§ Dataset excerpts
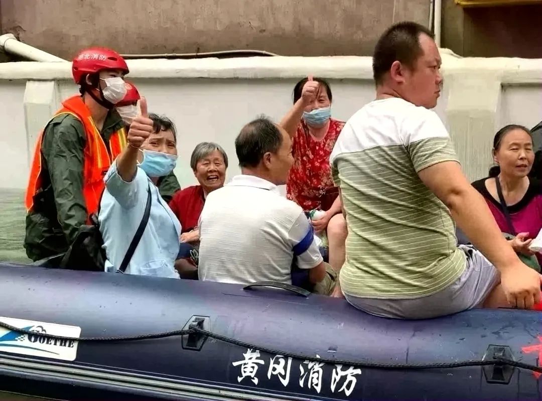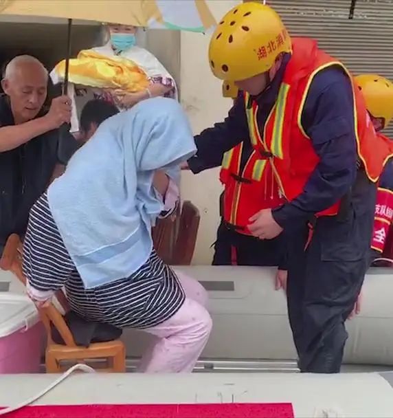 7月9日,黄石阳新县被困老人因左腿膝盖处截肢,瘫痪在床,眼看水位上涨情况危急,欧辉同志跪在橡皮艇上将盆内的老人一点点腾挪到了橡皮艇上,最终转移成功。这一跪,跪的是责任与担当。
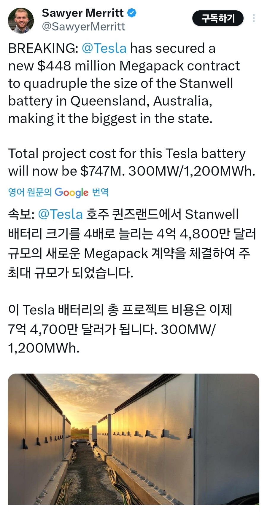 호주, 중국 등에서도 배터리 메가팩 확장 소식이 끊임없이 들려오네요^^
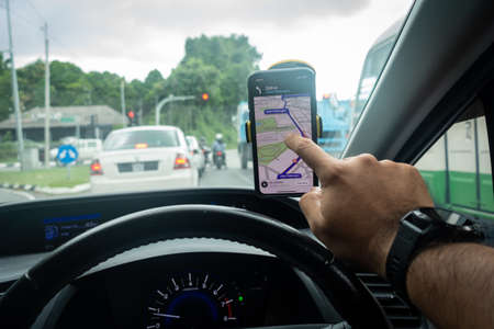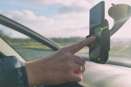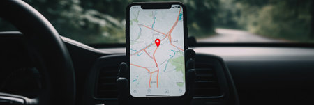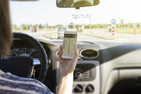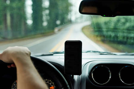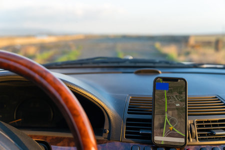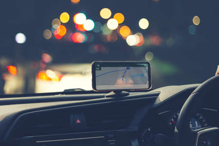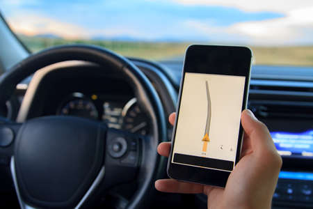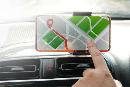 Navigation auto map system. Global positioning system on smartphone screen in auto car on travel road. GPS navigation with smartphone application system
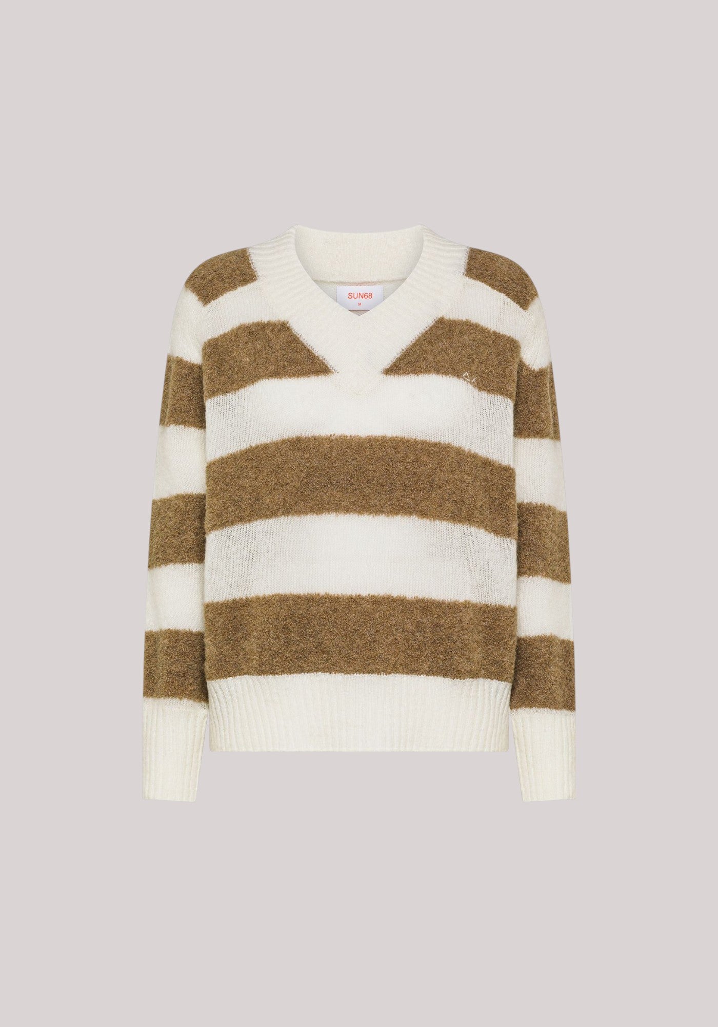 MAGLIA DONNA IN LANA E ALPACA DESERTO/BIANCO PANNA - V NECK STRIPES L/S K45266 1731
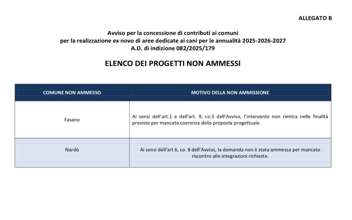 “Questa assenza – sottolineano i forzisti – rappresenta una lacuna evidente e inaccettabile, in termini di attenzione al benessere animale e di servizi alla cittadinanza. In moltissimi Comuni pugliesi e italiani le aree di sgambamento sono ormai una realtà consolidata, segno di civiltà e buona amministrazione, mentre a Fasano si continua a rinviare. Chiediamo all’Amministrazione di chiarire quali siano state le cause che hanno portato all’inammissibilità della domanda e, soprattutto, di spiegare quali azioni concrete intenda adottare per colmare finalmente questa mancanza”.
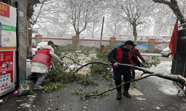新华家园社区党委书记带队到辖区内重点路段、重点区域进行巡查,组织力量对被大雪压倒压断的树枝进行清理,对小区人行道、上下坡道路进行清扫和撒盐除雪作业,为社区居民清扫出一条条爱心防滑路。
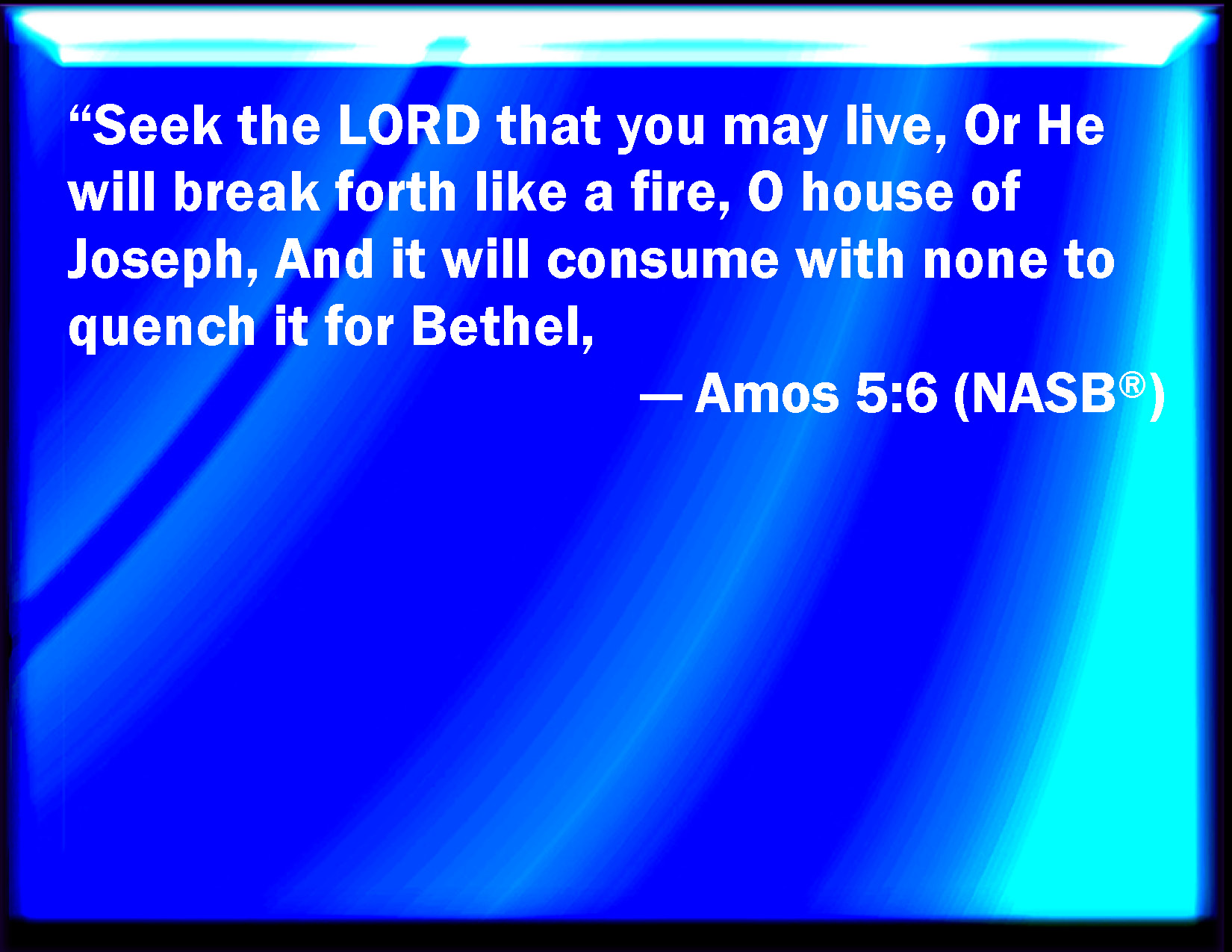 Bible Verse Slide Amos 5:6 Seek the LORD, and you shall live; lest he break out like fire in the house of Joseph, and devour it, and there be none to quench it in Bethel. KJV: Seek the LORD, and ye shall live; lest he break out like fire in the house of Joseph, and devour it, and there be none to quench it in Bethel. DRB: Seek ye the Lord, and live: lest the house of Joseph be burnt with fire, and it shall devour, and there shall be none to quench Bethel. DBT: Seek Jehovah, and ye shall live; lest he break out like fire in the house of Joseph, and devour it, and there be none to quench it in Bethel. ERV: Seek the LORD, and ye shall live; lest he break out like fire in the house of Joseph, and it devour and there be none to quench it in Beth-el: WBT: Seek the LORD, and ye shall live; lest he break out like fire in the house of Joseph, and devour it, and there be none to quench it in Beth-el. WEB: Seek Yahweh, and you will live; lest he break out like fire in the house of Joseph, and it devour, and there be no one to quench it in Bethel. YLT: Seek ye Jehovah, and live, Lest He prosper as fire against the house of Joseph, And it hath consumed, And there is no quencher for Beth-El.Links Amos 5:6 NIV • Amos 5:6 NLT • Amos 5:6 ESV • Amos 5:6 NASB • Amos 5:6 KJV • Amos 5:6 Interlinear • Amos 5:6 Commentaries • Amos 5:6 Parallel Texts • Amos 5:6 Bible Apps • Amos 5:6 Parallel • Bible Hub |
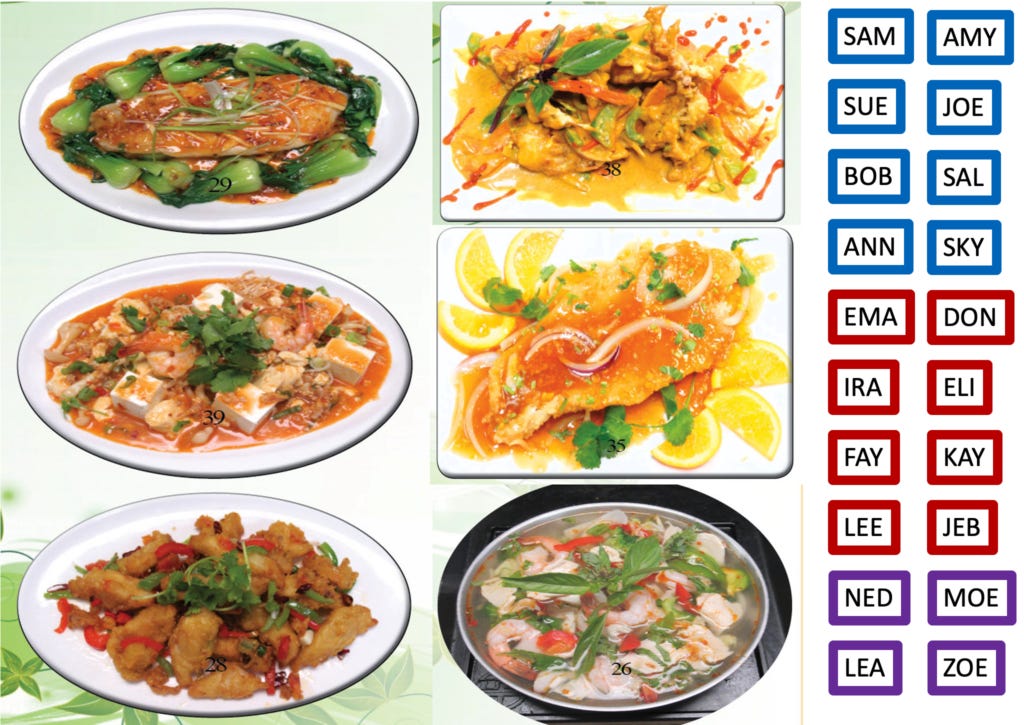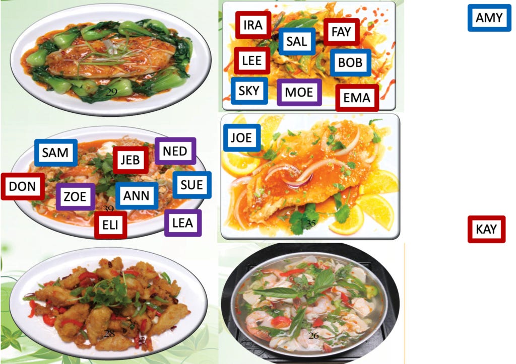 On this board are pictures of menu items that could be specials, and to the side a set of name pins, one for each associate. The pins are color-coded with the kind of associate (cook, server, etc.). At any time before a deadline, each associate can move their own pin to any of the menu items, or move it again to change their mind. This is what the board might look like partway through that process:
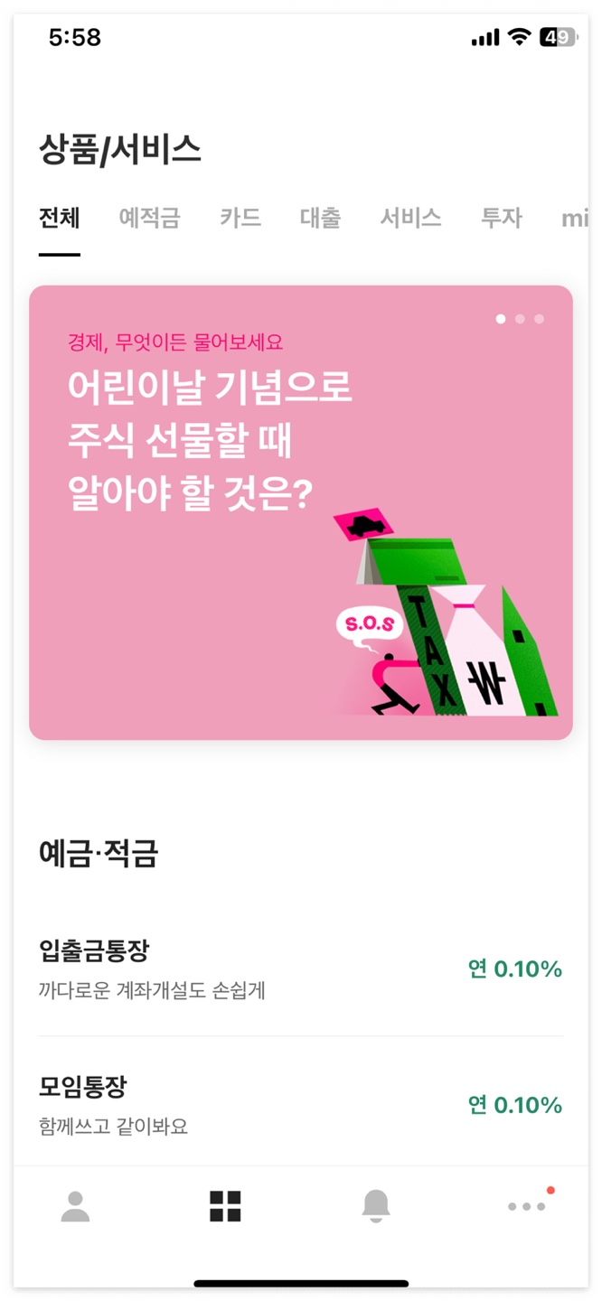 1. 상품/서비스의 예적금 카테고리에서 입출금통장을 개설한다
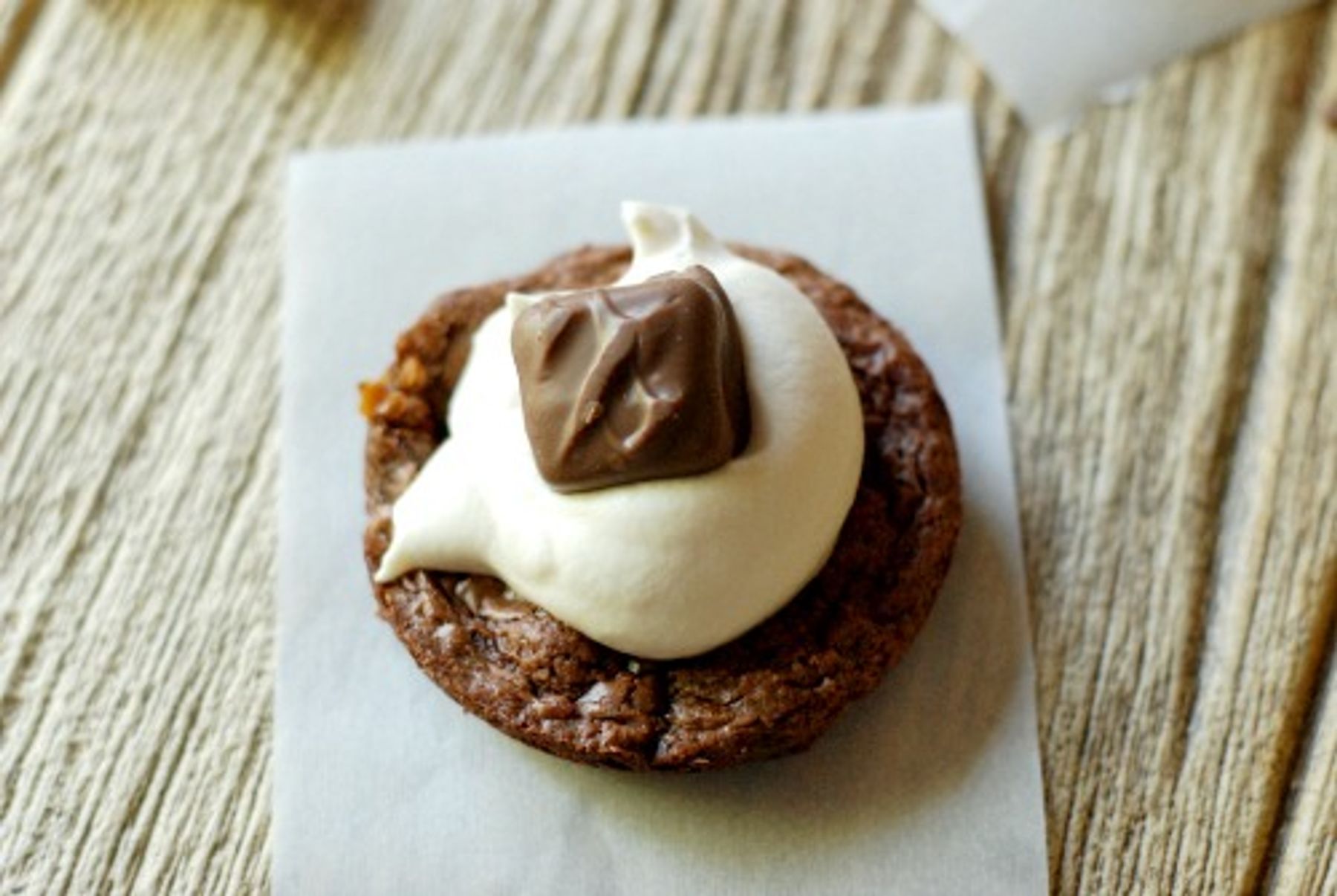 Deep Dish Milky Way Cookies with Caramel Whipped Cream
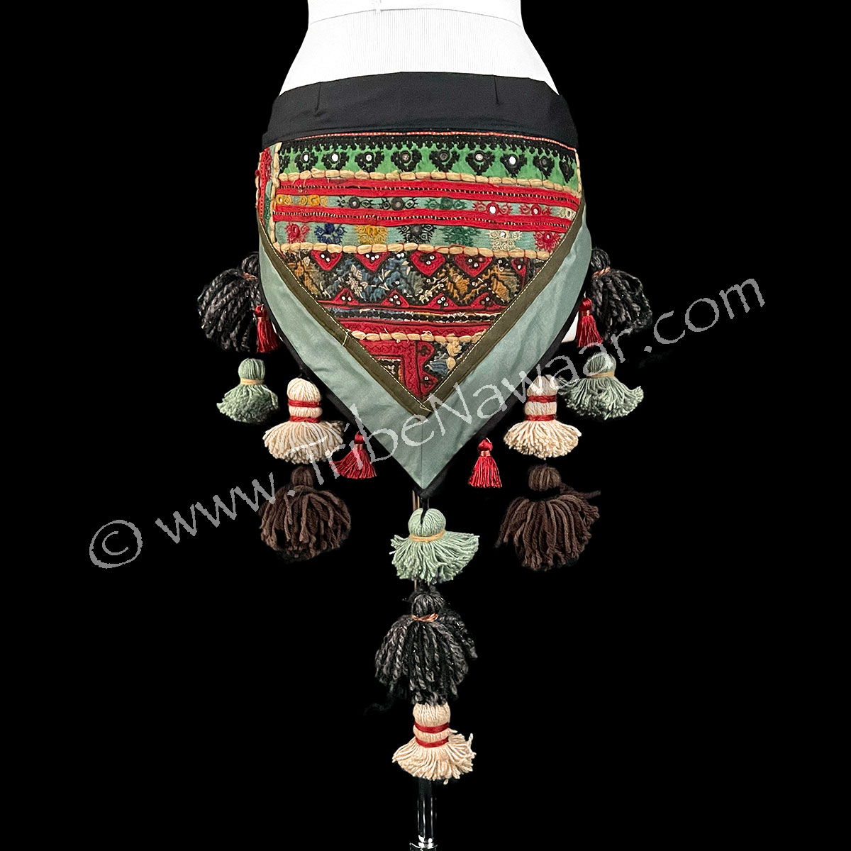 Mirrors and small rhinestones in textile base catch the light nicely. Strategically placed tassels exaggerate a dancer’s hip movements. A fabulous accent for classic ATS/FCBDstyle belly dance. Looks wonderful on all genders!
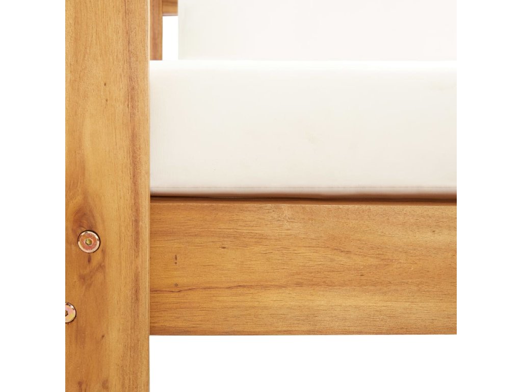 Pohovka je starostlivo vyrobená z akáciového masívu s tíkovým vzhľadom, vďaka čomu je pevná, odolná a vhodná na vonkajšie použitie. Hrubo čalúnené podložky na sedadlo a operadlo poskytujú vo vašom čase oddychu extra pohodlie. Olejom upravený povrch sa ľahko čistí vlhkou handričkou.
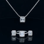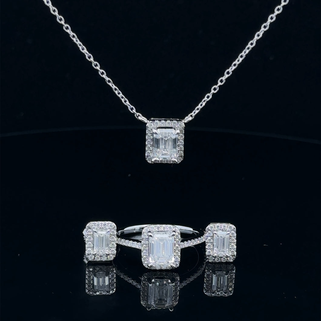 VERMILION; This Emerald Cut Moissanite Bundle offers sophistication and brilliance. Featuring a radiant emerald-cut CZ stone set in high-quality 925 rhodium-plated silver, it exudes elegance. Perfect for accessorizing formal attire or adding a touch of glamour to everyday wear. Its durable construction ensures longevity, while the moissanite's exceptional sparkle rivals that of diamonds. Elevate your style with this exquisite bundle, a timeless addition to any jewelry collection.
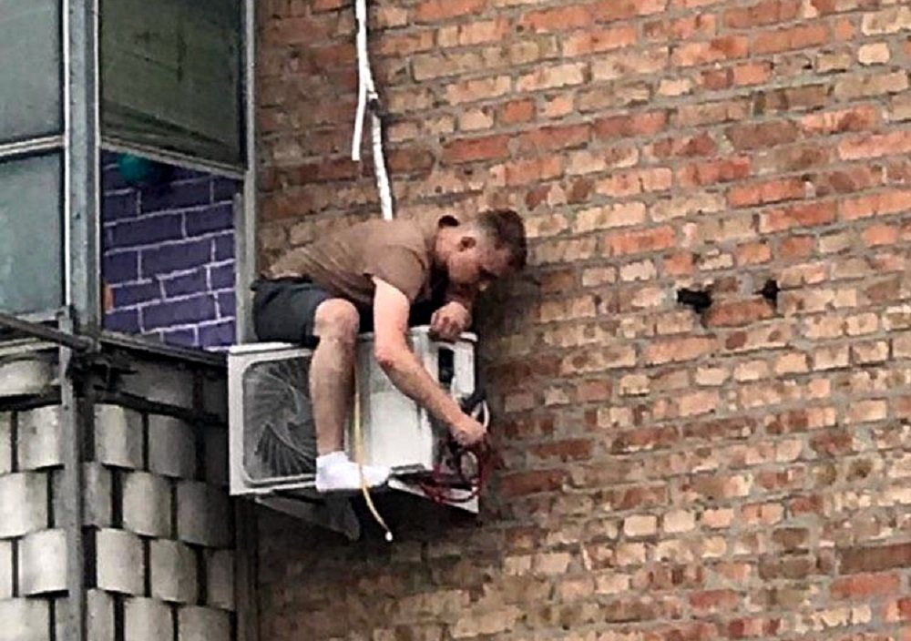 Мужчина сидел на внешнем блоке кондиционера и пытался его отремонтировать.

§ Work instruction
Copy only the lines above from the one containing "1. 상품/서비스의 예적금 카테고리에서 입출금통장을 개설한다" through the one containing "Pohovka je starostlivo", both included. Leave out the pictures.

§ Completed task
 1. 상품/서비스의 예적금 카테고리에서 입출금통장을 개설한다
 Deep Dish Milky Way Cookies with Caramel Whipped Cream
 Mirrors and small rhinestones in textile base catch the light nicely. Strategically placed tassels exaggerate a dancer’s hip movements. A fabulous accent for classic ATS/FCBDstyle belly dance. Looks wonderful on all genders!
 Pohovka je starostlivo vyrobená z akáciového masívu s tíkovým vzhľadom, vďaka čomu je pevná, odolná a vhodná na vonkajšie použitie. Hrubo čalúnené podložky na sedadlo a operadlo poskytujú vo vašom čase oddychu extra pohodlie. Olejom upravený povrch sa ľahko čistí vlhkou handričkou.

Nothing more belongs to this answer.